TrebleJunkie writes "I've spent some time recenting looking for open source projects dealing with Automated Text Summarization -- automatically generating detailed summaries from longer documents -- to no avail. I can find a lot of research papers and several commercial projects, but no open source code or projects? Does anyone out there know of any?"

4 of 38 comments (clear)

  1. Re:maybe a dumb question by PurpleBob · · Score: 3, Informative

    is there a non-free program that does this?

    Microsoft Word.

    It doesn't do it all that well, from what I've seen, but it does it. It's called "AutoSummarize".

    --
    Win dain a lotica, en vai tu ri silota
  2. Re:maybe a dumb question by 90XDoubleSide · · Score: 3, Informative

    Mac OS X’s has a built-in Summarize Service that works much better than the one in Word, IMO. Sorry I can't think of any open source ones.

    --
    "Reality is just a convenient measure of complexity" -Alvy Ray Smith
  3. Some related information by f00zbll · · Score: 3, Informative
    I did some research into this for a pet project of my own. I wanted to write an application to crawl the web and get information. After a couple months of research, I realized how big of a problem it is.

    1. the application needs to be able to determine the relevance of the provided text
    2. to do so, it needs to determine the relative importance of the sentences and words
    3. it has to be able to compose new sentence to write a summary
    4. not all documents follow good structure or grammer
    5. how do you account for spelling/grammar mistakes

    From my research, there appears to be two primary methods of performing this kind of processing:

    1. natural language parsing
    2. statistical parsing

    Of the two, statistical parsing is more popular these days because it doesn't require knowledgebase, expert system shells, grammar modeling and extensive dictionary. One of the primary method of determining the relative importance of words in a sentence is valence. The main challenge with natural language parsing and statistical technique is it depends on the training dataset. The more specific the dataset is, the better it will perform.

    Statistical analysis can also use expert system shells and other AI technologies to improve accuracy, but it doesn't have to.

    From my understanding (which is limited), it stems from a principle from linguistics. By counting the frequency of words or more specifically nouns, the program is able to rate each nouns importance. Once it got done, it could then look at the sentence that best describes the document by doing a comparison between the most importance words and the appearance of those words in the sentences. I remember this from my literature and linguistics classes. Congnitive science has also attempted to solve this problem, but it is very difficult.

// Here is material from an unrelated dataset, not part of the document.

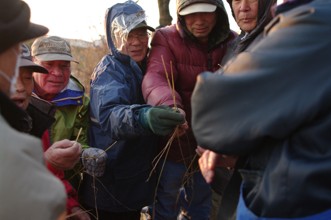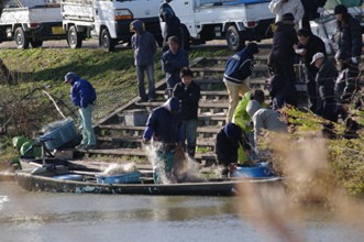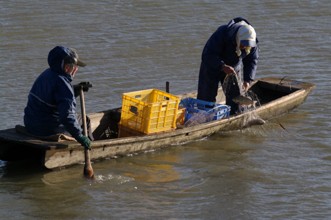 / 人,川,船,帽子,かご,眼鏡,網,魚

    In either case, if you dealing with well structured documents, your best bet is to grab the first 3 paragraphs assuming the author followed standard thesis/essay structure. If you're planning on summarizing new articles, it might not be that hard if the author followed the inverted pyramid, which many do not. One of the big tools of natural language parsing in the early days was prolog. It is still used a lot in academic settings for natural language processing. You're best bet is to get an intern to read and summarize for yo

  4. Sherlock by maggard · · Score: 3, Informative
    Apple's Sherlock application does this.

    It's not Open but it is scriptable, is not an additional cost, and is available on a Unix OS (MacOS X) Indeed through Apple's Open Scripting Architecture (OSA) one can use any number of scripting languages such as Python, Perl, and even JavaScript to interact with the application.

    Feed it a document, tell it to summarize and back will come a generally useful précis. For folks directly on a Mac (MacOS 8.6 or newer incl. X) simply highlight a document or portion of text and select "Summarize" from the contextual menu.

    --
    I don't read ACs: If a post isn't worth so much as a nom de plume to its author then I wont bother either.